A write-in-free-space storage architecture is especially suitable for high-performance snapshots because all writes are tracked as part of a global counter and the system can easily maintain new and old/invalid state at the same time. VAST brings this new architecture to make snapshots painless, by eliminating the data and/or metadata copying that often occurs with legacy snapshot approaches.

The VAST Element Store was designed to avoid several of the mistakes of previous snapshot approaches and provides many advantages for VAST DataStore users.

  • VAST Snapshots leverage zero-copy mechanisms for both data and metadata to minimize the bad performance effects of storing and deleting snapshots

  • VAST Snapshots do not require snapshot space/reserves. Snapshots use any free space and provide greater flexibility of media utilization as compared to more rigid approaches

  • VAST Clusters experience negligible performance impact when they have an arbitrary number of snapshots active

Instead of making clones of a volume’s metadata every time a snapshot is created, VAST snapshot technology is built deep into the metadata data structure itself. Every metadata object in the VAST Element Store is time-stamped with what is called snaptime. The snaptime is a global system counter that dates back to the installation of a VAST cluster and is advanced synchronously across all the VAST Servers in a cluster approximately once a minute.

As with data, metadata in the VAST Element Store is never directly overwritten. When an application overwrites a file or object, the new data is written in free space across the SCM write buffer. The system creates a pointer to the physical location of the data and links that pointer into the V-Tree metadata that defined the object.

Following VAST’s general philosophy of efficiency, VAST snapshots and clones are based on the small (average size 16-64 KB) data chunks that are the backbone of the VAST DataStore’s physical layer. That’s significantly finer grained than those on many conventional storage systems which may snapshot on pages of 1 MB or larger.

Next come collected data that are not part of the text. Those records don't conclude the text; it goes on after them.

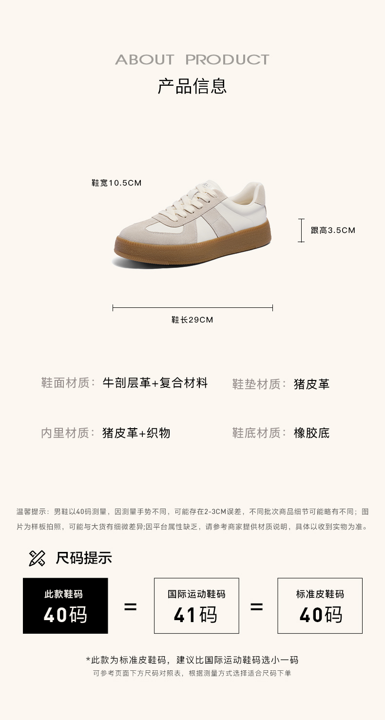 | 风格分类:德训鞋 | 上市时间:2024年秋季 | 生产/经销/进口厂家:经销厂家:百丽电子商务(上海)有限公司 | 鞋类流行款式:板鞋 | 鞋头款式:圆头 |
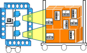 同社はこの技術を活用し、同社グループの物流センターに「映像検品システム」を実装した。同システムでは台車に積まれた複数の検品対象の全体画像からラベル情報を読み取り、さらにこのラベル情報からバーコード部分のみの画像を高精度に読み取ることで、高速・正確な情報処理を実現した。
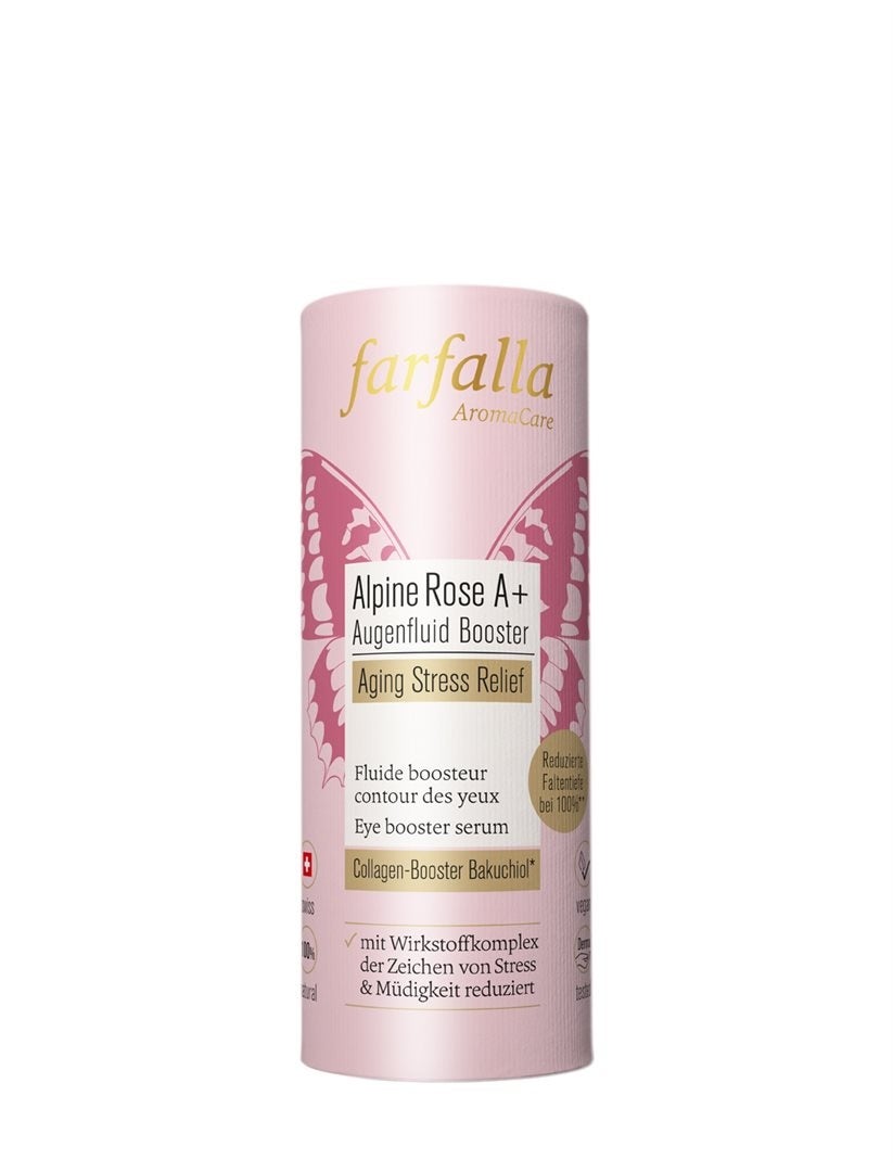 Le complexe innovant de substances actives de Rosa Damascena active les récepteurs olfactifs de la peau, ce qui réduit la transmission des substances messagères du stress et protège la peau. Le bakuchiol, alternative végétale à la vitamine A, agit comme un booster de collagène et raffermit le contour des yeux. Un extrait de rose alpine protège la peau de loxydation et lui redonne de léclat. Lhuile de rose de haute qualité Wilda en outre un effet antioxydant sur les peaux stressées. Leffet est renforcé par la boule à rouler en quartz rose : un cristal utilisé depuis des siècles pour augmenter le bien-être, connu pour soulager le stress et la fatigue et pour donner des impulsions positives. Une fois le produit utilisé, la boule de quartz rose peut être facilement expulsée à laide dun objet long et continuer à être utilisée comme pierre énergétique. Un véritable concentré dénergie pour un contour des yeux reposé et visiblement rajeuni.
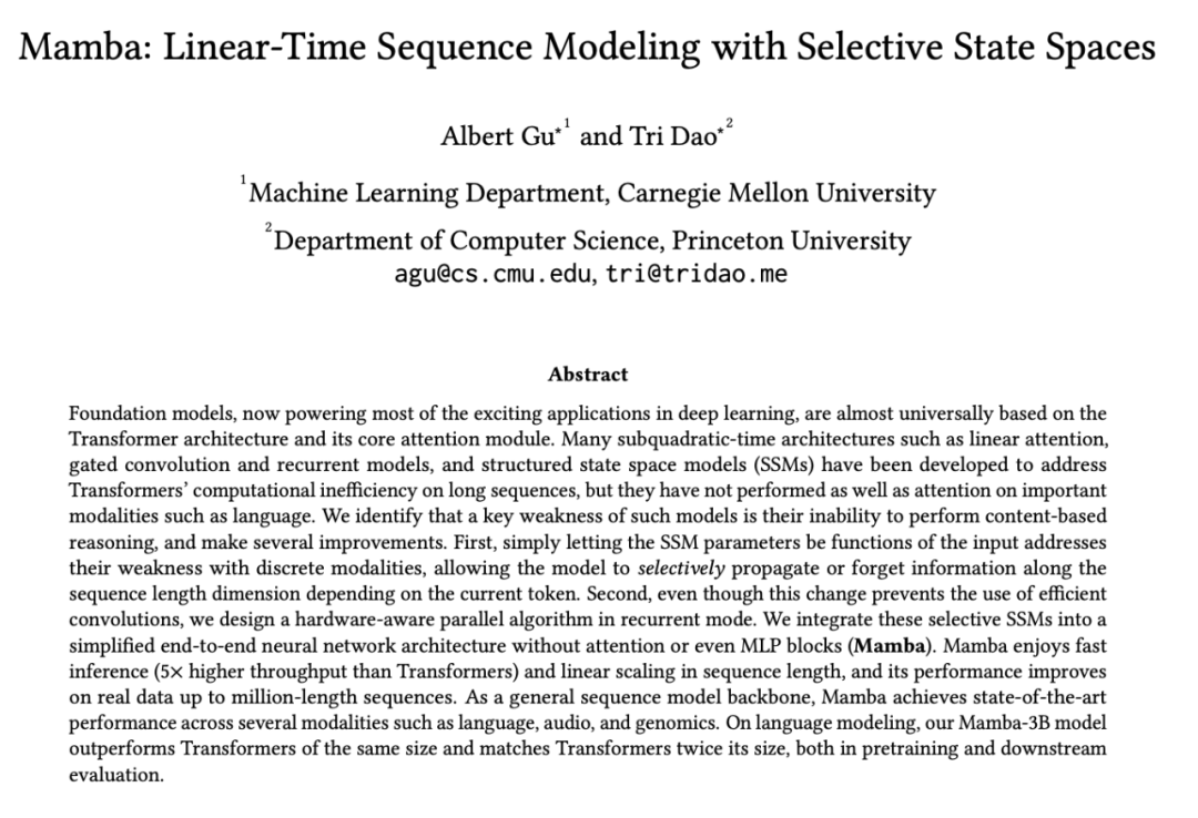 Mamba 是由 Albert Gu (卡耐基梅隆大学)和 Tri Dao(普林斯顿大学) 两位研究人员主导开发的

When you create a snapshot in the VAST Element Store, the system preserves the most recent version of the metadata pointers within the protected path, along with the data chunks that metadata references until the snapshot is deleted. The snapshot presents the data using the metadata pointers with the latest snaptimes earlier than the snapshot’s time.

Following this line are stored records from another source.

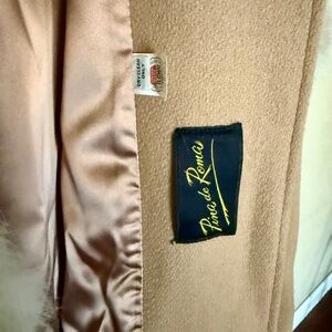 Gorgeous 1960s Pia de Roma swing coat in camel wool with real rabbit fur trim on the collar, cuffs, and hem. Beautiful mid-century silhouette with a fitted waist and flare. Fully lined. Excellent vintage condition—soft, clean, and ready to wear. ■ 100% virgin wool ■ Real rabbit fur trim ■ Made in USA, union label ■ Swing/flare silhouette Condition: Excellent for age. No visible stains or holes. Fur is soft and full. Perfect statement coat for collectors or vintage lovers!
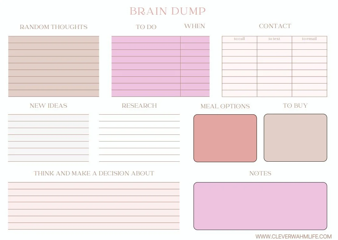 Content Brain Dump Sheet (Printable) — clear your head and capture ideas before they slip away.
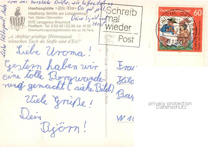 73091845 alte Postkarte Brauneck-Gipfelhaus Idealhanghuette Stiealm postalisch gelaufen Erhaltung siehe scans [KathaD81] KatCode: 11110009173135
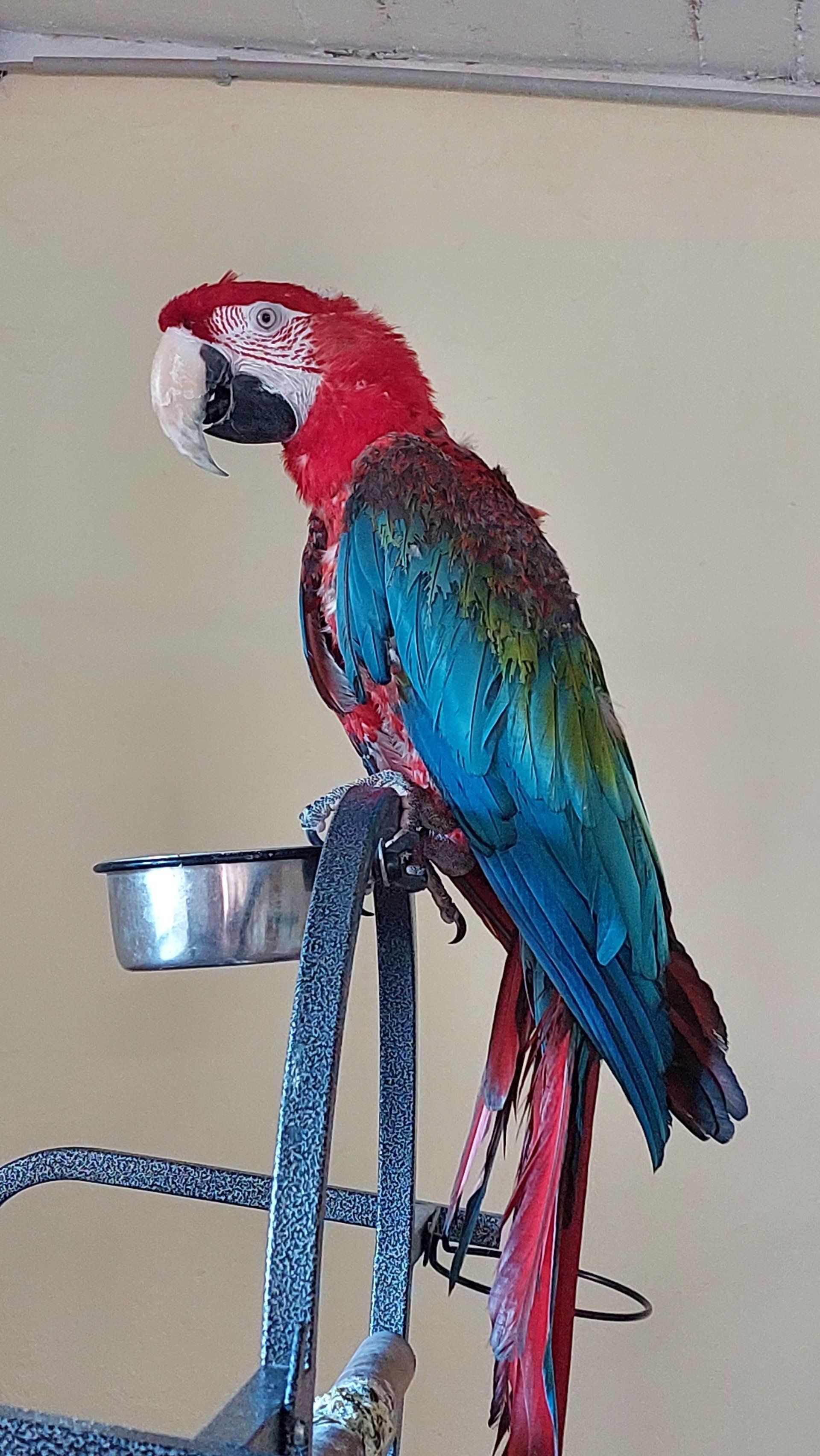 Er war sehr scheu und sein Federkleid war eher ein Fleckenteppich. Carlos hat sich fast nackt gerupft.
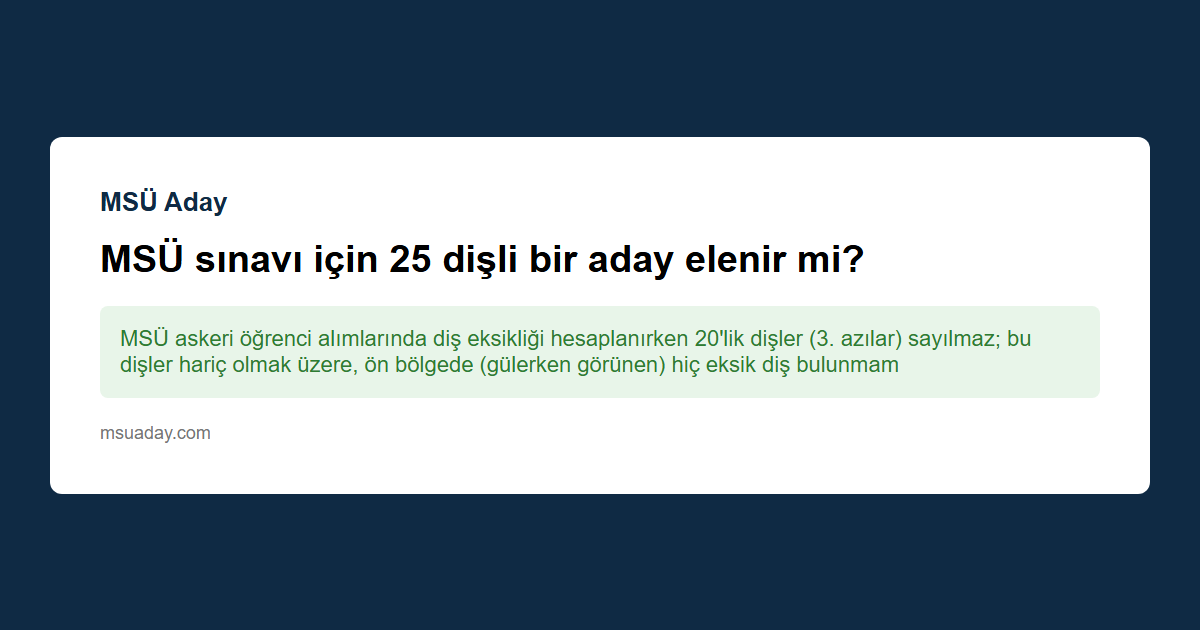 Kısa cevap: MSÜ askeri öğrenci alımlarında diş eksikliği hesaplanırken 20'lik dişler (3. azılar) sayılmaz; bu dişler hariç olmak üzere, ön bölgede (gülerken görünen) hiç eksik diş bulunmamalıdır, arka bölgede ise çiğneme fonksiyonunu bozmayacak şekilde en fazla 4-5 diş eksikliği (veya implant/köprü ile tedavisi) kabul edilebilir.
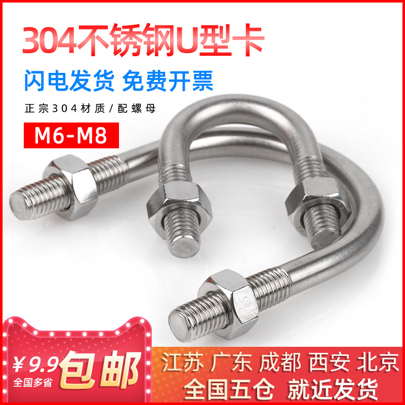 304 stainless steel U-type card water pipe card metal pipe clamp U-type bolt U-type pipe card U-type screw bolt M6-M8
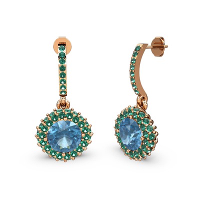 Akuamarin ve yeşil kuvars 14 ayar rose altın küpe

Because VAST snapshots are based on snaptimes, all snapshots taken at the same time are consistent across a VAST cluster. There’s no need to define consistency groups; just use a single protection policy for all the paths you need to take consistent snapshots across.

When the system performs garbage collection it will delete the metadata pointers that aren’t either the latest version of that pointer or used by a snapshot, and any data used exclusively by those pointers.

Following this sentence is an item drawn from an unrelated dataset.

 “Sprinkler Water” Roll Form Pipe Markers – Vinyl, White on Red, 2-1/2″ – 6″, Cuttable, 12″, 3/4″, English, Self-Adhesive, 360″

Users can, of course, create snapshots on demand with a call to the system’s REST API, or through the GUI which will call the REST API itself, but most snapshots are managed through protection policies.

Once a protection policy is established the VAST DataStore presents a ./snapshots system folder in the root folder of each protected path. The ./snapshots folder will contain a subdirectory for each snapshot that provides read-only access to the snapshot’s contents. Several VAST customers use the ./snapshot feature to provide self-service restores to their users.

Truly Independent Clones

VAST clones provide rapid read-write access to a snapshot’s contents by creating an independent replica of a snapshot’s contents. When a VAST administrator creates a clone of a snapshot through the RESTful API, the system performs a background server-side copy of the snapshot’s contents to the specified directory.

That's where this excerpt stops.